At present, electrical contact materials can be roughly classified into the following categories: copper-based contact materials, noble metal-based contact materials, tungsten-based contact materials, and the like. The most widely used and representative of the materials are Cu-W alloy and Ag-based electrical contact materials. For the two types of contact materials, the precious metal elements such as Cu, Ag, W and the like account for a large material weight ratio, so that the contact materials are expensive, and the resource reserves of the metals are limited, so that the popularization and the large-scale development and application of the contact materials are influenced and limited. In addition, the conventional contact material contains too much metal, which results in low hardness and poor wear resistance.

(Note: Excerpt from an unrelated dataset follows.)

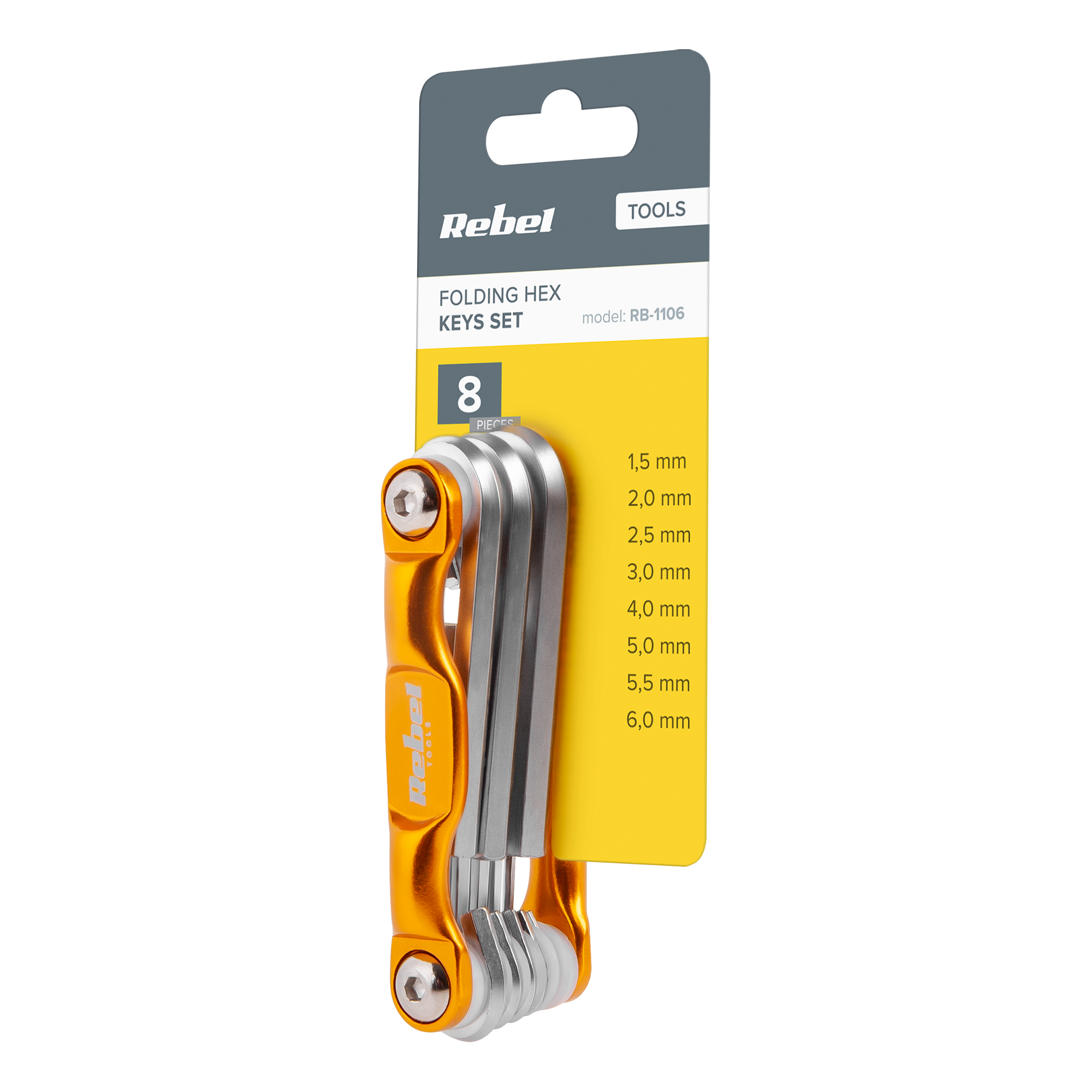 8 kluczy Hex: 1,5/ 2/ 2,5/ 3/ 4/ 5/ 5,5/ 6 mmWykonane ze stali chromowo-wanadowejAnodowane aluminiowe uchwyty odporne na korozję

CN103981418A discloses a TiC/TiB2An Al/Cu electrical contact material and a preparation method thereof. The material is prepared from the following raw materials in parts by weight: 28-40 parts of titanium carbide, 10-20 parts of titanium boride, 10-22 parts of aluminum, 20-54 parts of copper and 1-3 parts of adhesive, the material reduces the consumption of Cu, increases the contents of reinforcing phase titanium carbide and titanium boride, improves the wettability of titanium carbide and copper, and has the advantages of high density, low contact resistance, good fusion welding resistance and high hardness, but the bending strength of the material is low.
Disclosure of Invention
The invention aims to solve the technical problems of high cost, poor bending strength and the like of the existing copper-based electric contact material.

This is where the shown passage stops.